Major structural reform developments

Important reforms have advanced. Following the completion of the Third Economic Adjustment Programme in August 2018, Greece is now in a post-programme enhanced surveillance framework. As of September 2019, there have been three enhanced surveillance reports, prepared by the European Commission in partnership with other institutions. The third report, published in June 2019, presented a mixed picture. It noted progress in areas such as public sector reform, corporate governance in state-owned enterprises (SOEs) and land reform, but it revealed that the pace of reform had slowed in 2019, with reversals in certain areas. Meanwhile, the new government, which took office in July 2019, has placed economic reform and governance improvements at the heart of its programme. An omnibus bill with a number of growth-enhancing reforms was submitted to parliament in September 2019.

Privatisation is advancing, albeit with some delays. The privatisation strategy and the governance reform of SOEs is being implemented by the Privatisation and Investment Fund (the Hellenic Corporation of Assets and Participations). Important deals in the past year include the sale of 66 per cent of the gas transmission systems operator, DESFA, which was closed at the end of 2018; and a 20-year extension of the concession agreement for Athens International Airport, completed in February 2019. Other major projects in preparation and at an advanced stage include the development of Hellenikon (site of the former Athens airport) and Egnatia motorway. With regard to the former project, final submissions under a tender for a casino licence were submitted on 4 October 2019, and construction should begin on site in early 2020. However, other privatisations have encountered delays, and the proposed sale of a majority stake in Hellenic Petroleum failed to attract any bids.

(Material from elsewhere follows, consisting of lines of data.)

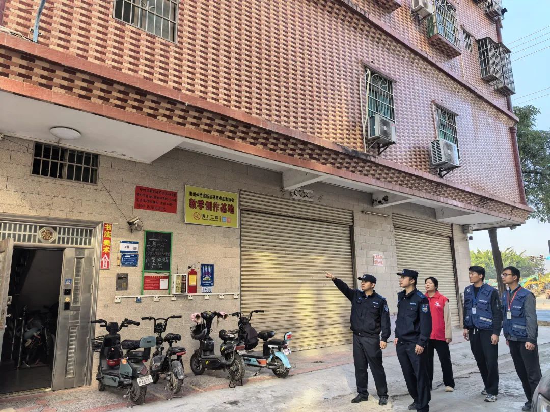 1月21日,惠州仲恺高新区网格员与潼侨派出所民警在辖区张望。
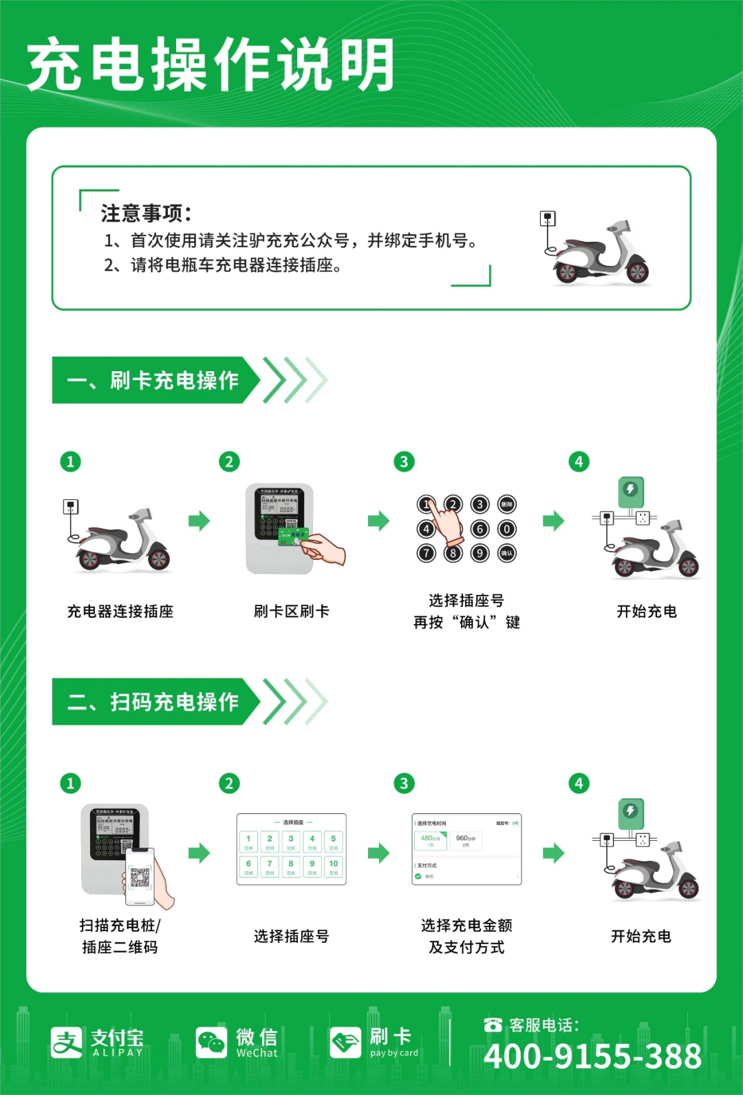 在第13学生公寓北侧车棚设置有40个充电点位、1台充换电柜,在南门西侧车棚设置20个充电点位。设备为直流充电桩,可适应大部分车型电动自行车充电需求。支持手机APP、支付宝等多种费用支付方式,收费标准为:1.105元/度(电费0.505元/度,服务费0.6元/度)。充电车棚设施设备使用请详见车棚内使用流程或参考附图流程进行操作。充电完成后系统会自动发送提示信息,接提示后请师生员工及时将车辆移出充电车棚。
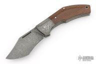 This Superbad Collab by Tashi Bharucha and Franck Souville features an acid wash and tumble finished blade with nail nick. The handle has Damascus dovetailed bolsters, burlap micarta scales, satin finished stainless steel liners and bead blast finished spring. Nice strong spring, nice blade seating. Comes with maker's embroidered knife wrap. Has a couple light scuffs, excellent condition otherwise.
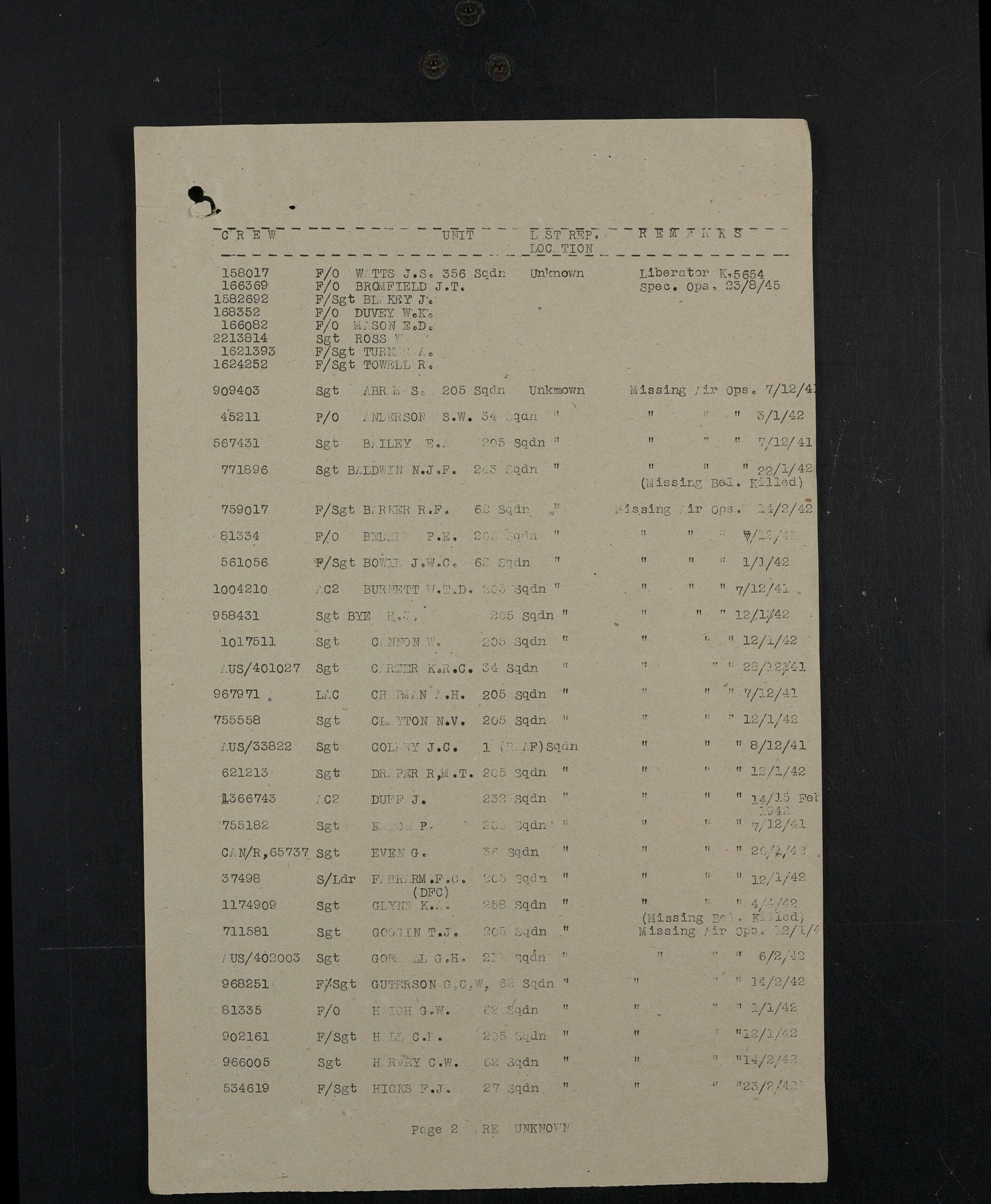Description: – Flying Officer P E Bedell, Flight Sergeant W E Webb, Sergeant C B Treloar (RAAF), Sergeant E A Bailey, Sergeant S Abram, Sergeant P Eaton, Leading Aircraftsman A H Chapman, Aircraftsman W T D Burnett: missing believed killed; aircraft failed to return from operational flight shadowing the Japanese Fleet off the coast of Indo-China, Catalina W8417, 205 Squadron, 7 December 1941. (Held by: The National Archives, Kew. Former reference in its original department: P 364453/41. Record opening date: 03 December 2019
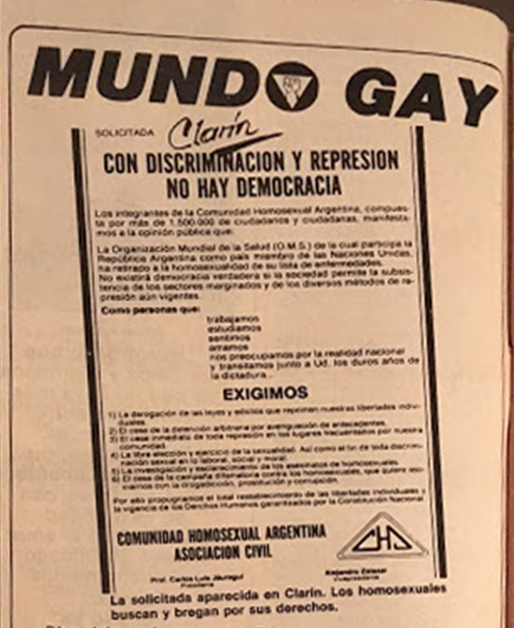 Jáuregui, con su grupo íntimo, les hizo comprender la necesidad de reclamar en conjunto una ley antidiscriminatoria que contuviese el criterio de orientación sexual. O sea, que, en esa primera época de articulación, los organismos de derechos humanos reconocieron como discurso el libre ejercicio de la sexualidad. La CHA fue creada bajo la impronta de la defensa de los derechos humanos y como parte integrante de un proceso mayor de luchas sociales y políticas. “Con discriminación y represión no hay democracia” era el título de una solicitada de dicha asociación publicada en mayo de 1984 en el diario Clarín. Con ese enunciado, la sociedad quedaba notificada de la existencia de una organización civil, que reclamaba demandas imprescindibles para la propia existencia.

Capital controls have been fully removed. As of 1 September 2019, all remaining restrictions on the transfer of capital abroad were removed. Capital controls were introduced at the height of the crisis in June 2015 but had been relaxed gradually in stages since then.

The financial sector is still recovering and NPEs are being reduced. The banking sector as a whole is profitable, but banks continue to be burdened by exceptionally high levels of NPEs, which stood at €75.4 billion, or 43.6 per cent of total loans as of June 2019. The four systemic banks are addressing the problem using a variety of tools and according to targets agreed with the Bank of Greece. The new government has developed an asset protection scheme, which was approved by the European Commission (DG Comp) in October 2019. It is expected to be operational in the coming months. Under this scheme, special purpose vehicles would be set up to issue government-guaranteed bonds, allowing banks to take some of their NPEs off their balance sheets.

Further improvements have been made to the business environment. Important steps over the past year include efforts to streamline licensing and customs procedures, the introduction of one-stop shops, and progress on land and cadastral reform. Further business-friendly measures are in the pipeline of the new government’s programme. At the same time, Greece’s ranking on the World Bank’s ease of doing business assessment remains low by EU and OECD standards, reaching 79th position (out of 190 countries) in the 2020 report (down seven places from the previous year), with persistent problems in getting credit, registering property, enforcing contracts and resolving insolvency.

Governance reforms are being introduced. A key pillar of the post-programme enhanced surveillance framework is public administration reform and building a modern state. Important steps have been taken in the past year to improve the management of human resources in public institutions and the development of a more modern staff appraisal system. The new government has also signalled that governance reform will be at the heart of its programme, and has already taken steps to unify all entities that audit and oversee the activities of the government.